▸ MATERIALS PROVIDED:
* * * *

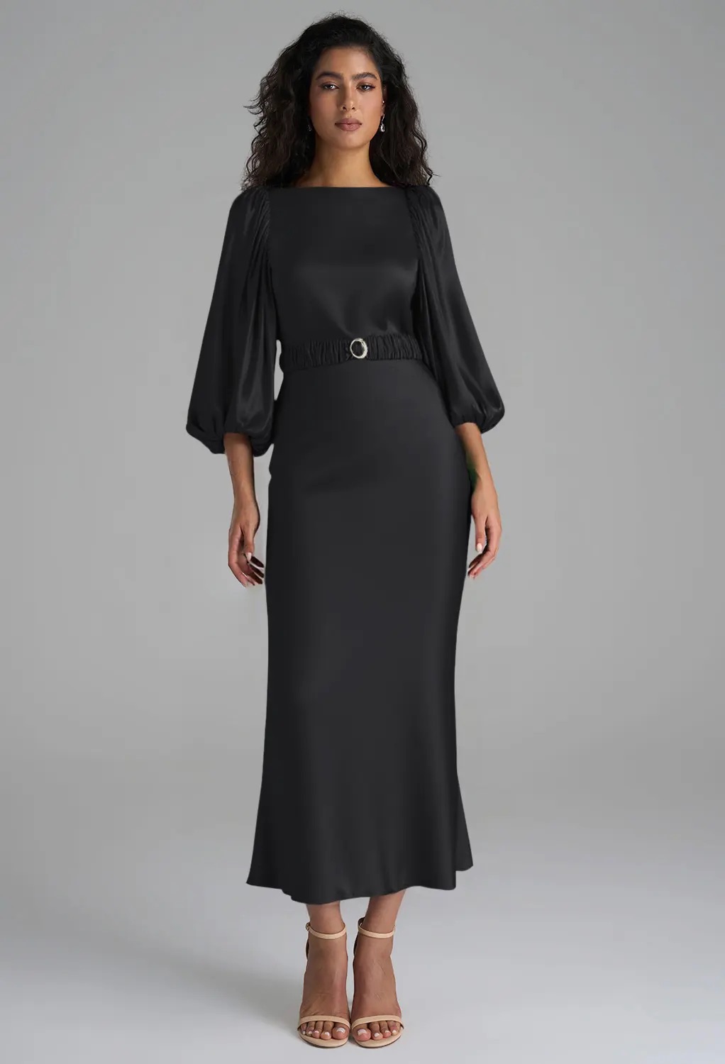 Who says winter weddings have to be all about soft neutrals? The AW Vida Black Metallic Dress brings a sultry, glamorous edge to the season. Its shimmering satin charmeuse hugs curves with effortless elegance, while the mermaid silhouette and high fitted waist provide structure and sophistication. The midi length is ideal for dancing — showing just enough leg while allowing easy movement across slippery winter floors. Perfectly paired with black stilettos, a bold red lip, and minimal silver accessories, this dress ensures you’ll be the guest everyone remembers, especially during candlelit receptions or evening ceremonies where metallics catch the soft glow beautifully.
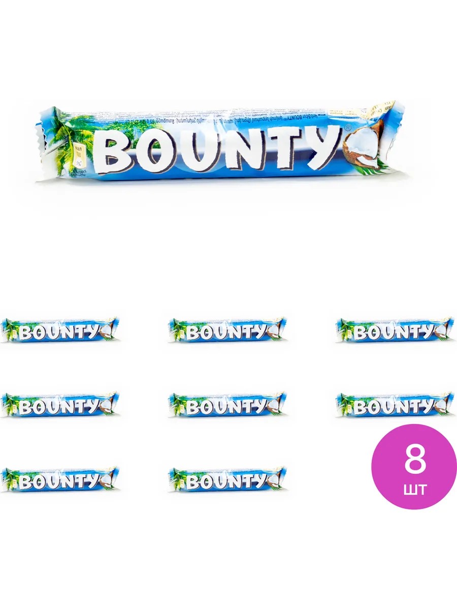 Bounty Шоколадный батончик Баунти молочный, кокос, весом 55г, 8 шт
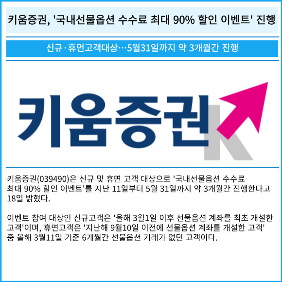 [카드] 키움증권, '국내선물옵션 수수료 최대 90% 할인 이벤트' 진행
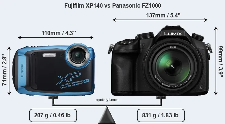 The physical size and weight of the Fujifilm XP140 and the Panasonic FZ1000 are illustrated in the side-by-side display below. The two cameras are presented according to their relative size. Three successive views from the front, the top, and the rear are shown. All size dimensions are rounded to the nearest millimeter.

* * * *

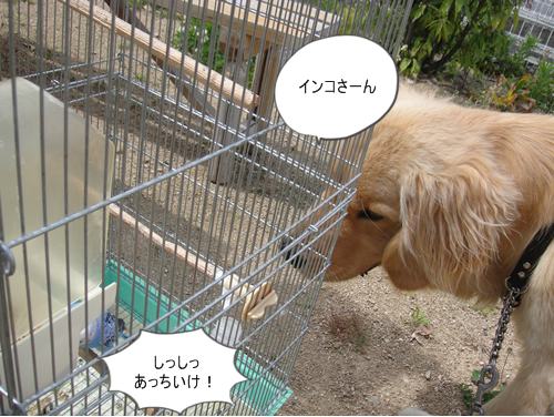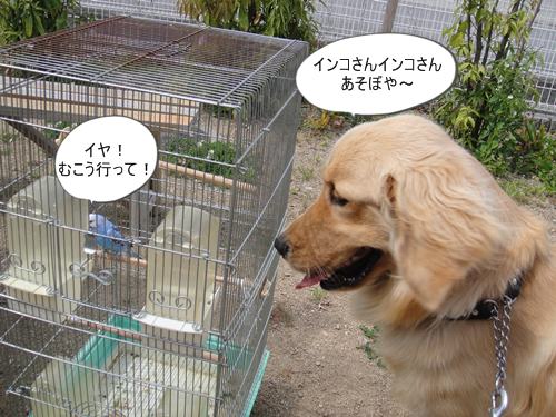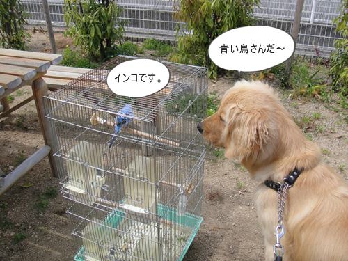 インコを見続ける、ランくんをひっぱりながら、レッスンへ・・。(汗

* * * *

In the listing above, find the line holding "Who says winter" and the line holding "The physical size". Reproduce those two lines and all between them exactly, leaving out pictures.

 Who says winter weddings have to be all about soft neutrals? The AW Vida Black Metallic Dress brings a sultry, glamorous edge to the season. Its shimmering satin charmeuse hugs curves with effortless elegance, while the mermaid silhouette and high fitted waist provide structure and sophistication. The midi length is ideal for dancing — showing just enough leg while allowing easy movement across slippery winter floors. Perfectly paired with black stilettos, a bold red lip, and minimal silver accessories, this dress ensures you’ll be the guest everyone remembers, especially during candlelit receptions or evening ceremonies where metallics catch the soft glow beautifully.
 Bounty Шоколадный батончик Баунти молочный, кокос, весом 55г, 8 шт
 [카드] 키움증권, '국내선물옵션 수수료 최대 90% 할인 이벤트' 진행
 The physical size and weight of the Fujifilm XP140 and the Panasonic FZ1000 are illustrated in the side-by-side display below. The two cameras are presented according to their relative size. Three successive views from the front, the top, and the rear are shown. All size dimensions are rounded to the nearest millimeter.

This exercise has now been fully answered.